I am working on some OpenCL reduction and I found AMD and Nvidia both has some example like the following kernel (this one is taken from Nvidia's website, but AMD has a similar one):

__kernel void reduce2(__global T *g_idata, __global T *g_odata, unsigned int n, __local T* sdata){
// load shared mem
unsigned int tid = get_local_id(0);
unsigned int i = get_global_id(0);

sdata[tid] = (i < n) ? g_idata[i] : 0;

barrier(CLK_LOCAL_MEM_FENCE);

// do reduction in shared mem
for(unsigned int s=get_local_size(0)/2; s>0; s>>=1)
{
    if (tid < s)
    {
        sdata[tid] += sdata[tid + s];
    }
    barrier(CLK_LOCAL_MEM_FENCE);
}

// write result for this block to global mem
if (tid == 0) g_odata[get_group_id(0)] = sdata[0];}

I have two questions:

the code above reduce an array to another smaller array, I am just wondering why all the example I saw did the same instead of reducing an array directly into a single element, which is the usual semantic of "reduction" (IMHO). This should be easily achievable with an outer loop inside the kernel. Is there special reason for this?
I have implemented this reduction and found it quite slow, is there any optimisation I can do to improve it? I saw another example used some unrolling to avoid synchronisation in the loop, but I did not quite get the idea, can you explain a bit?

Solution

The reduction problem in a multithread environment is a very special parallel problem. There is one path that needs to be done sequentially, which is the element 0 to the power of 2. Even if you had infinite threads for processing, you will need log2(N) passes trough the array to reduce it to a single element.

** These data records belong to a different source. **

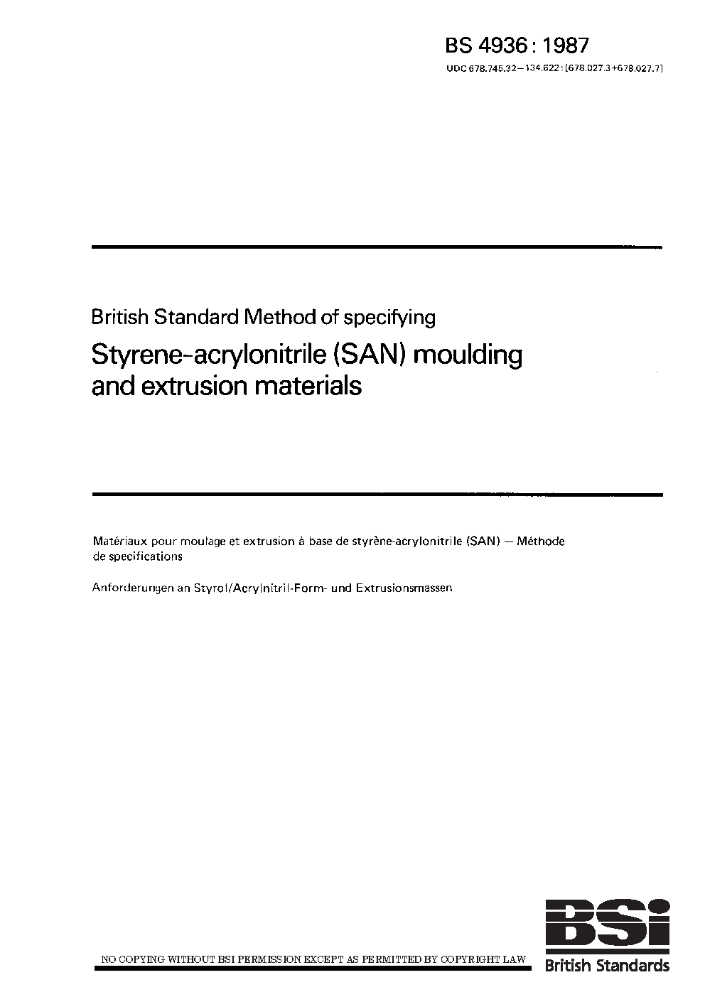 Specification for styrene-acrylonitrile (SAN) moulding and extrusion materials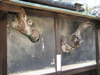 ![]() 塀に塗り込められた木 | ![]() 軒先の飾り |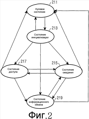 фиг.2 – диаграмма состояний, схематично иллюстрирующая операционные состояния, поддерживаемые уровнем УДСПД в широкополосной системе связи беспроводного доступа в соответствии с вариантом осуществления настоящего изобретения;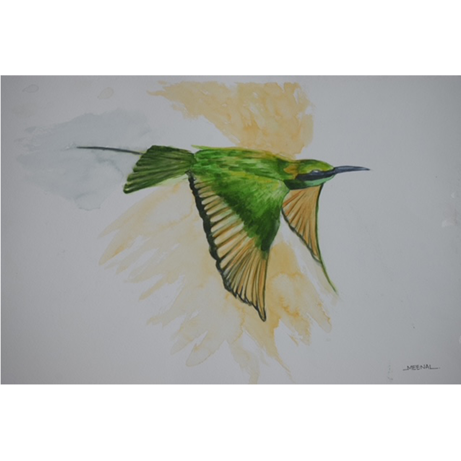 About the Artwork -The bright emerald green bee-eater is a small beautiful bird. It looks very graceful while flying and can be identified by the mask across the eyes as in the painting. It’s commonly seen in noisy groups and perched squished against another on electric lines.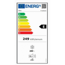 Congelador VerticalMedidas alto/ancho/fondo 1860x595x650 mmCapacidad Bruta/Neta 307/280 LTecnología NO FrostClasificación energética ETirador metálico con rotura de vacíoDisplay en puertaFunción Super Congelación y ECO5 Cajones + 2 Flaps6 Baldas de cristal bajo los cajonesClasificación climática SN-TCapacidad de congelación 25 kg/24 hNivel sonoro 42...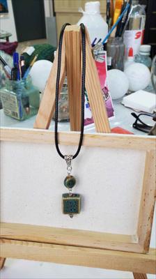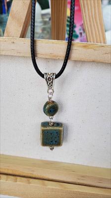 Pendentif en céramique orné de turquoise bleue et d'un cône, entièrement assemblé à la main.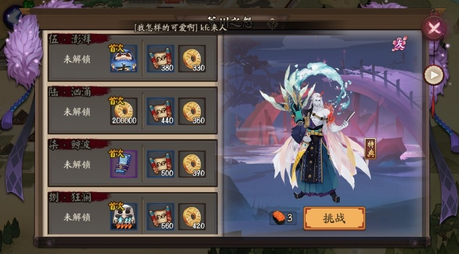 阵容:桃花妖+惠比寿+椒图,用神乐做主角。这个阵容虽然打起来有点慢,不过相对来说还是比较稳的。第一回目:金鱼姬*1、古笼火*3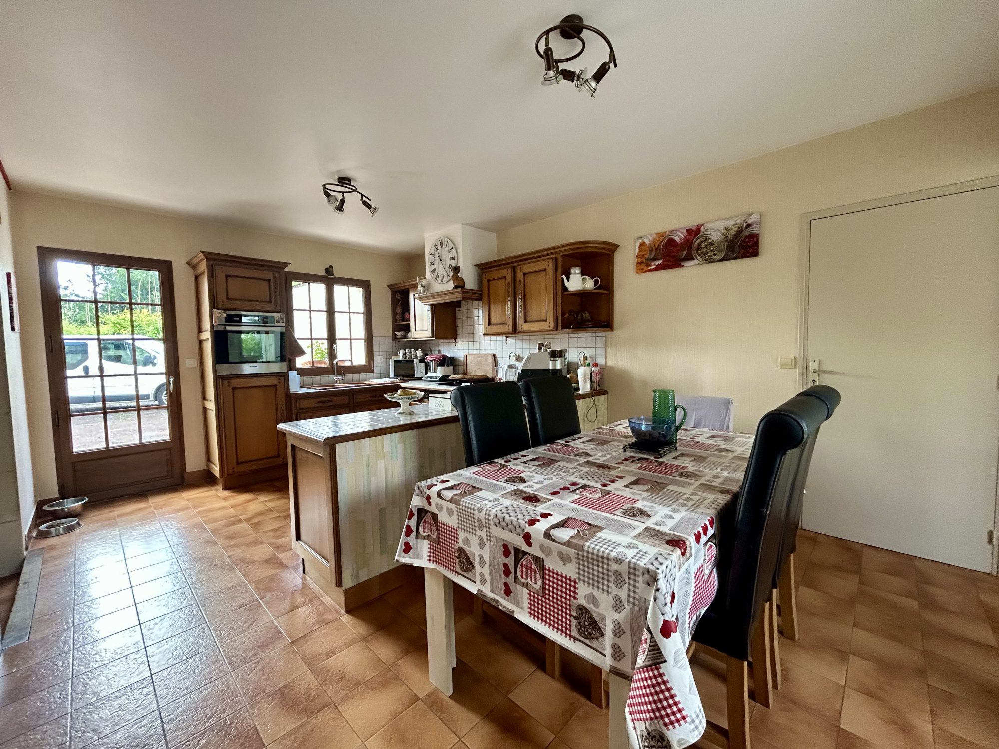 ...Un salon séjour avec un poêle à granulés, ouvert sur une cuisine aménagée et équipée, une véranda...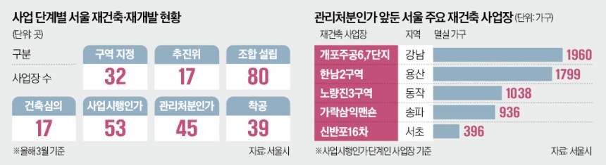 30일 정비업계와 서울시 등에 따르면 올해 3월 기준 사업시행인가를 마치고 관리처분인가를 앞둔 사업지는 53곳, 4만8339가구에 이른다. 용산구 한남2구역, 강남구 개포 주공6·7단지, 동작구 노량진1구역, 송파구 가락삼익맨숀 등이 포함돼 있다. 이들 사업지는 아직 관리처분인가를 받지 못해 모두 이번 대출 제한 대상에 해당한다.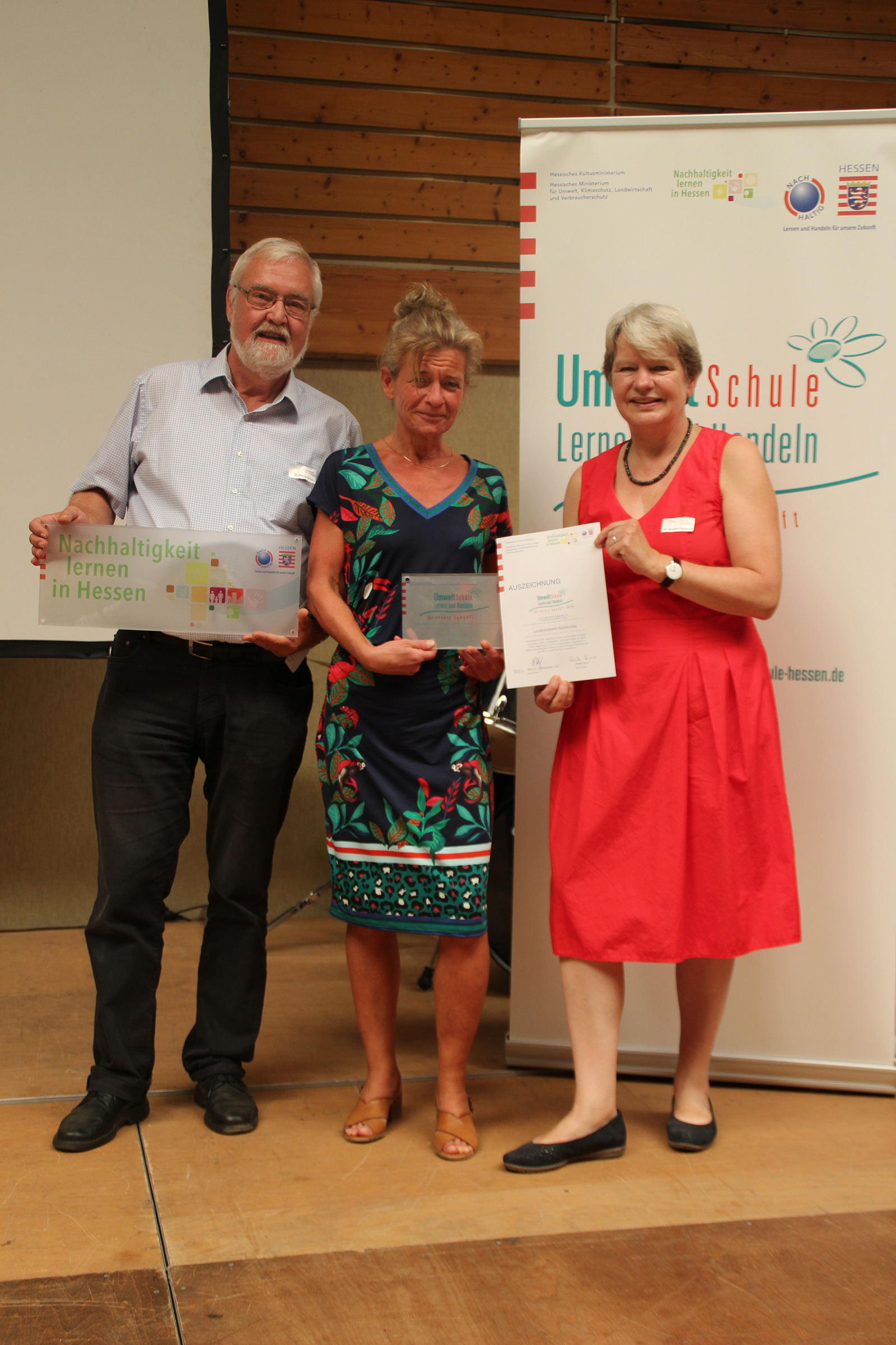 „Heute werden die nordhessischen Schulen als Umweltschulen geehrt, die mit ihren spannenden Projekten zu Themen der nachhaltigen Entwicklung gezeigt haben, dass sie Verantwortung für das eigene Handeln übernehmen wollen“, erklärte die Staatssekretärin im Umweltministerium Dr. Beatrix Tappeser bei der Verleihung der Auszeichnung „Hessische Umweltschule“ in Form einer Urkunde und eines Schildes, das die Schule offiziell als „Umweltschule“ ausweist. Ergänzend zu der bekannten Umweltschul-Plakette wurde die neue Plakette der Dachmarke „Nachhaltigkeit lernen in Hessen“ überreicht. Die Auszeichnung erfolgte in Fritzlar in Anwesenheit von Henning Smolka vom Jugendwaldheim Roßberg in Zuständigkeit für die Marburger Umweltschulen und Steinmühlenlehrerin Carmen Bastian als Ökologische Stelle der Steinmühle.
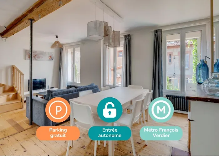 La résidence est niché dans le quartier "Centre de Toulouse" à Toulouse, à côté du Jardin Royal. Le domicile de 75 m² se trouve à environ 5 minutes à pied de la Cathédrale Saint-Étienne, tandis que la station de métro François Verdier est à seulement 200 mètres. Le Jardin japonais de Toulouse est dans une zone de 2 km.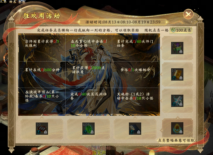(3)完成任务点亮画卷,点亮任意横向一行或纵向一列的方格,可领取奖励,完成所有任务可领取额外奖励。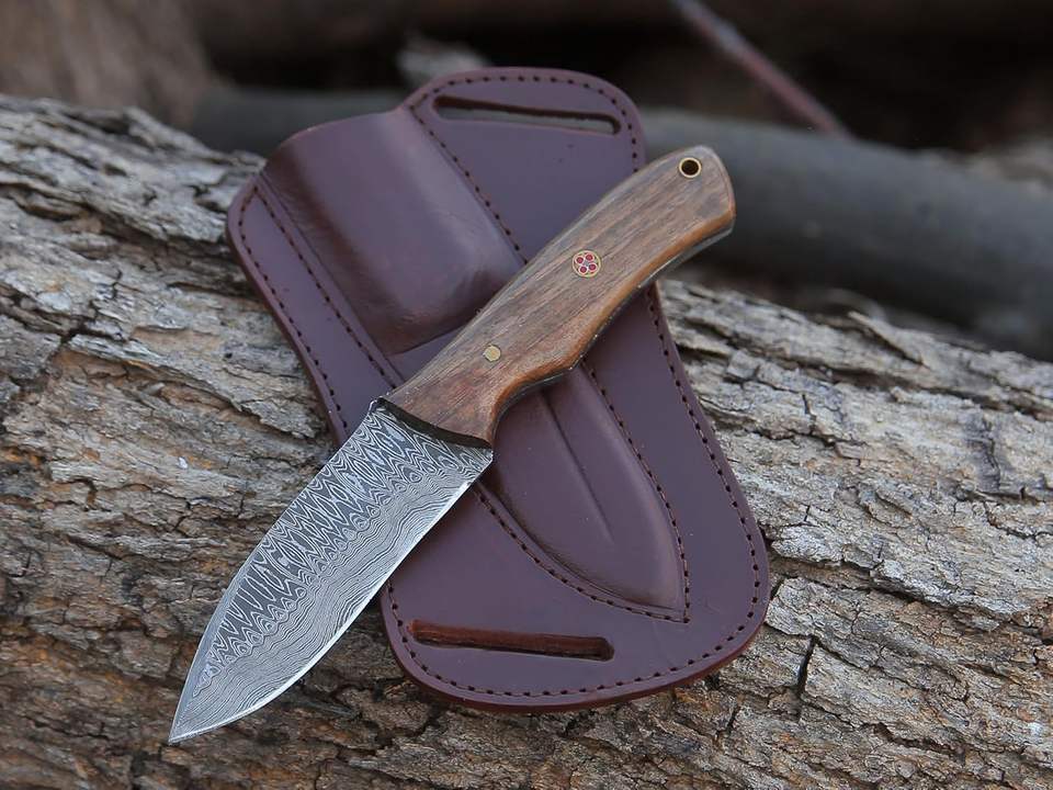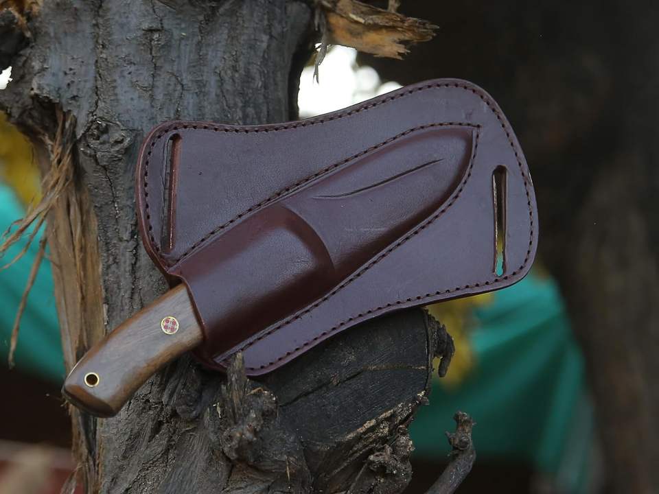 มีดล่าสัตว์ทำด้วยมือด้ามไม้วอลนัทพร้อมปลอกหนังมีดสำหรับตั้งแคมป์สไตล์คาวบอย

In a real system your number of threads (work-items) are reduced but high (~128-2048). So, in order to use them efficiently all of them have to have something to do. But since the problem is more and more serial and less parallel as you reduce the size of the reduction. These algorithms only bother about the high part, and let the CPU do the rest of the reduction.

To make the story short. You can reduce an array from 1024 to 512 in one pass, but you need the same power to reduce it from 2 to 1. In the latter case all the threads minus 1 are idle, an incredible waste of GPU resources (99.7% idle).

As you can see, there is no point in reducing this last part on a GPU. It is easier to simply copy it to CPU and do it sequentially.

Answering your question: Yes, it is slow, and will always be. If there was a magic trick to solve it, then AMD and nVIDIA would be using it don't you think? :)